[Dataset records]
>>>
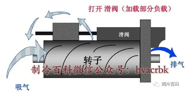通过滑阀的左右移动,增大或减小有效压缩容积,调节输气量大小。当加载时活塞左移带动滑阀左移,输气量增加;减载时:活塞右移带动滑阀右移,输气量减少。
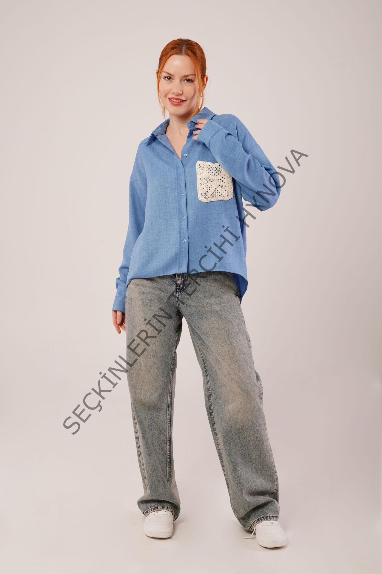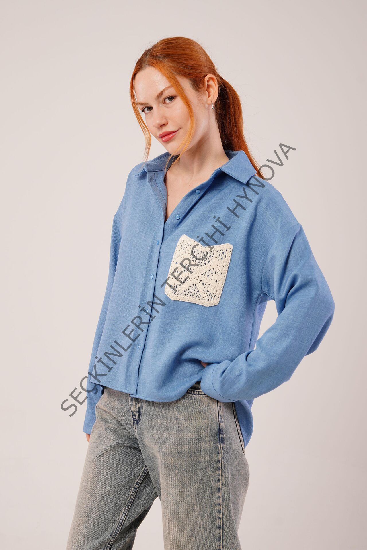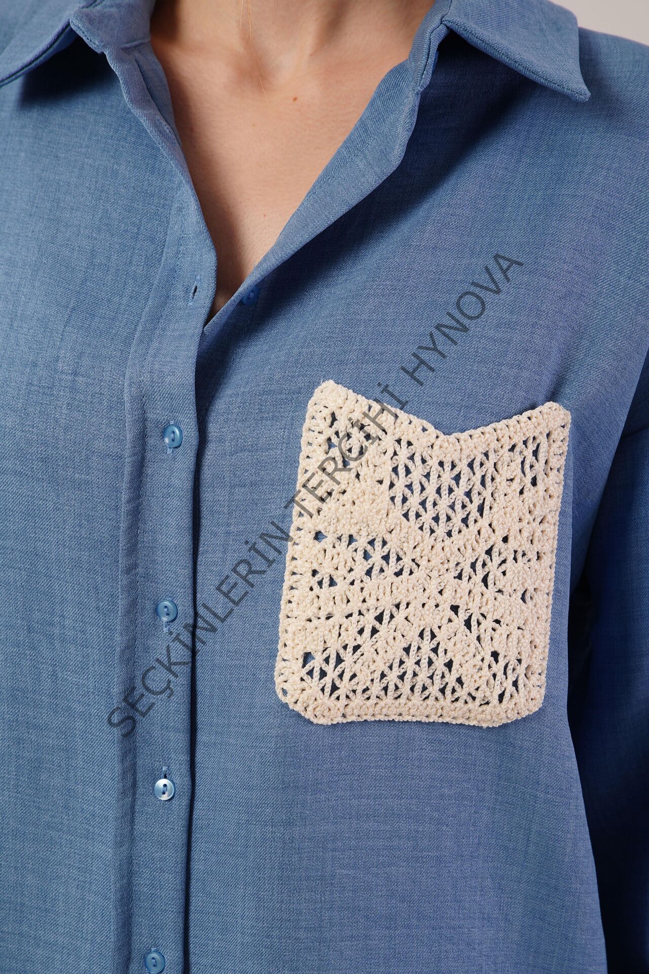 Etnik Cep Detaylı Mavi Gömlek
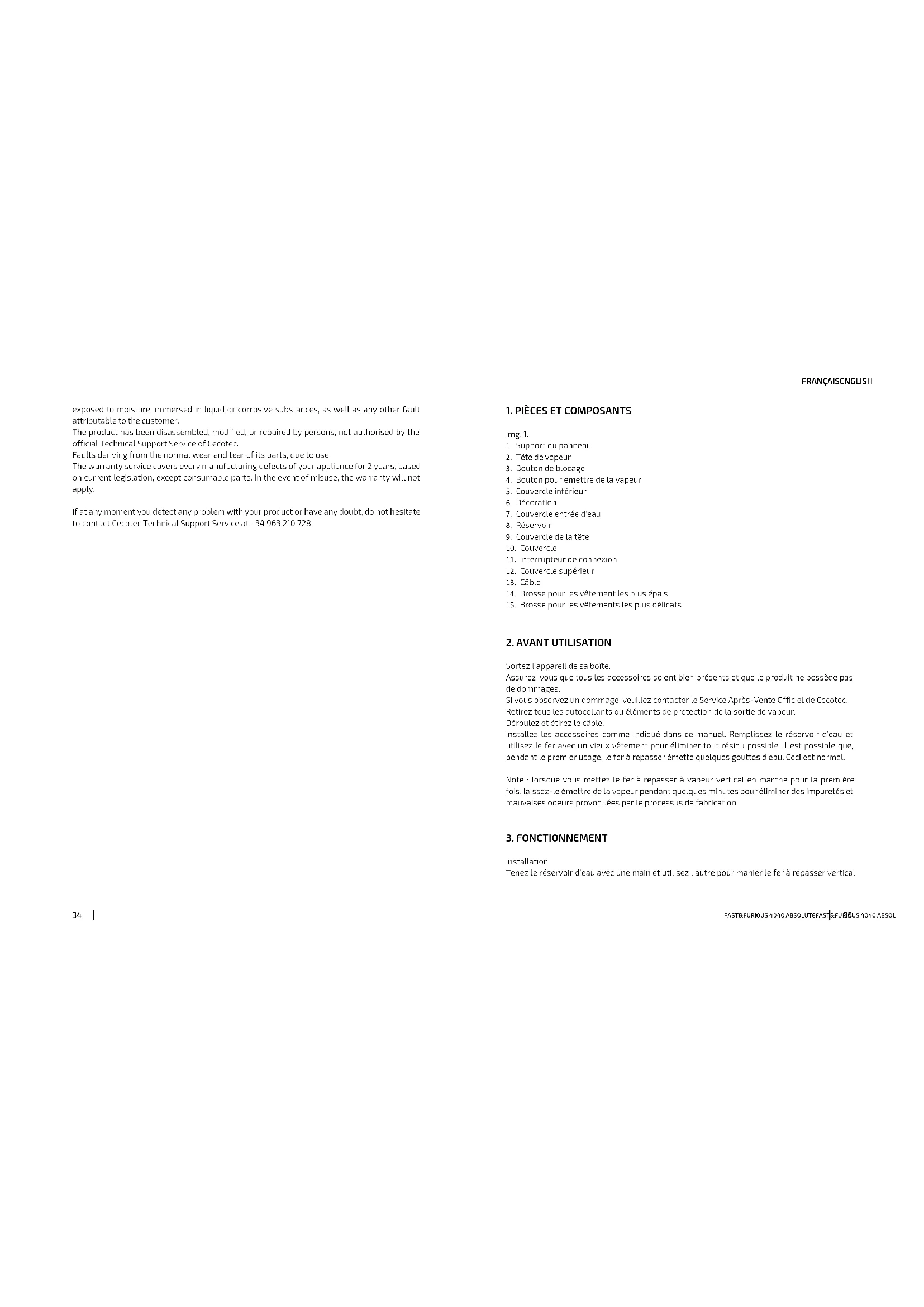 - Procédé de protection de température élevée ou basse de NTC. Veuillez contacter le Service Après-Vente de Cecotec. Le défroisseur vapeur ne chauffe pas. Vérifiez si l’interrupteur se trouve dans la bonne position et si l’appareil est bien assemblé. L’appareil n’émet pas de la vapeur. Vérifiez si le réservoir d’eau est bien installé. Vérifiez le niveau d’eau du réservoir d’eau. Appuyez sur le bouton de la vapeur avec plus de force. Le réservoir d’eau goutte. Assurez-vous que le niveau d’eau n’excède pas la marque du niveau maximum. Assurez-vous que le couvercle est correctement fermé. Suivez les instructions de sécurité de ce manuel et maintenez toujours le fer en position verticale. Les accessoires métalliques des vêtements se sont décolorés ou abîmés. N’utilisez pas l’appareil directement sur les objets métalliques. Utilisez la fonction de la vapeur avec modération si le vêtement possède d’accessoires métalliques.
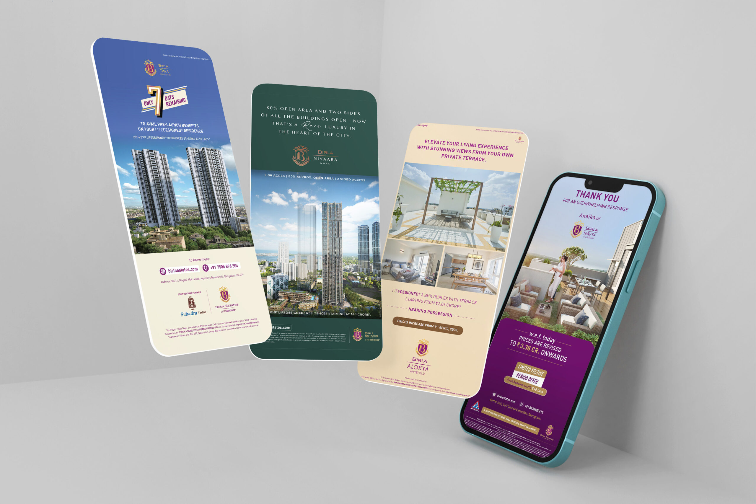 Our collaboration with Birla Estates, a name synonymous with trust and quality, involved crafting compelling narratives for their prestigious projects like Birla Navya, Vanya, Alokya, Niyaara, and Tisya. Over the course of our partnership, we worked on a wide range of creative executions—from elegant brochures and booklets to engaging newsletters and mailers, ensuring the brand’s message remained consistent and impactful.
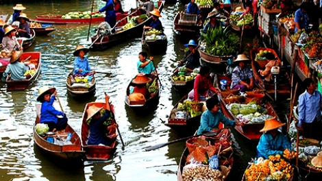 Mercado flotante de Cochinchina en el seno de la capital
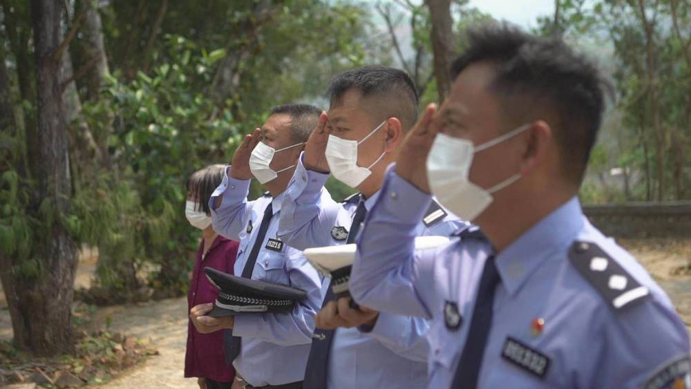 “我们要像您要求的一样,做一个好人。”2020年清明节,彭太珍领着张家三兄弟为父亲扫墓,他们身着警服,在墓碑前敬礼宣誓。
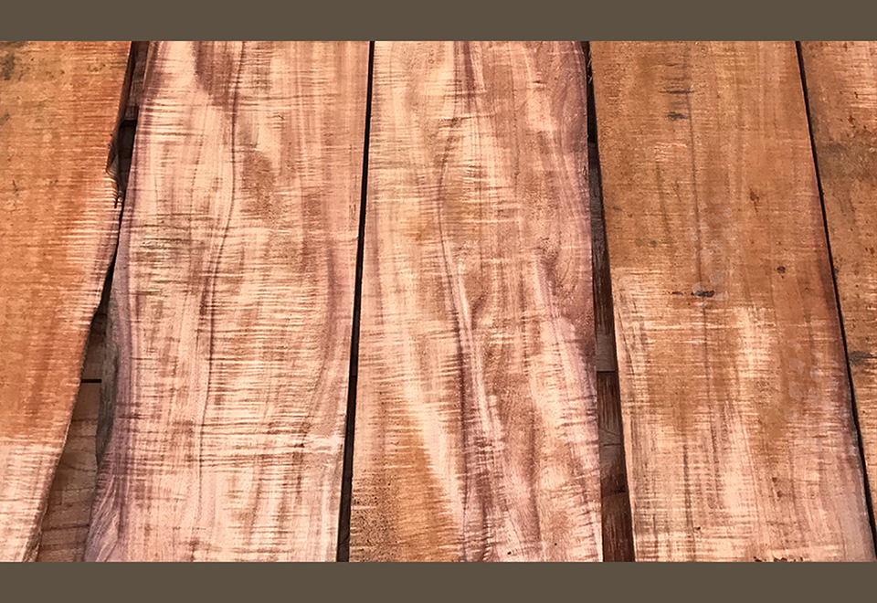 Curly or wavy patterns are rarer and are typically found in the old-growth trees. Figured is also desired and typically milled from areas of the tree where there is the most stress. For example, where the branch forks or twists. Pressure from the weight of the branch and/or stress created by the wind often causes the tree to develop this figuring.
<<<
→ **EXERCISE DETAILS**:
Quote, exactly and only, the lines from the first line of the data above through the line containing "- Procédé de". The pictures do not belong in it.

→ **OUTPUT BELOW**:
通过滑阀的左右移动,增大或减小有效压缩容积,调节输气量大小。当加载时活塞左移带动滑阀左移,输气量增加;减载时:活塞右移带动滑阀右移,输气量减少。
 Etnik Cep Detaylı Mavi Gömlek
 - Procédé de protection de température élevée ou basse de NTC. Veuillez contacter le Service Après-Vente de Cecotec. Le défroisseur vapeur ne chauffe pas. Vérifiez si l’interrupteur se trouve dans la bonne position et si l’appareil est bien assemblé. L’appareil n’émet pas de la vapeur. Vérifiez si le réservoir d’eau est bien installé. Vérifiez le niveau d’eau du réservoir d’eau. Appuyez sur le bouton de la vapeur avec plus de force. Le réservoir d’eau goutte. Assurez-vous que le niveau d’eau n’excède pas la marque du niveau maximum. Assurez-vous que le couvercle est correctement fermé. Suivez les instructions de sécurité de ce manuel et maintenez toujours le fer en position verticale. Les accessoires métalliques des vêtements se sont décolorés ou abîmés. N’utilisez pas l’appareil directement sur les objets métalliques. Utilisez la fonction de la vapeur avec modération si le vêtement possède d’accessoires métalliques.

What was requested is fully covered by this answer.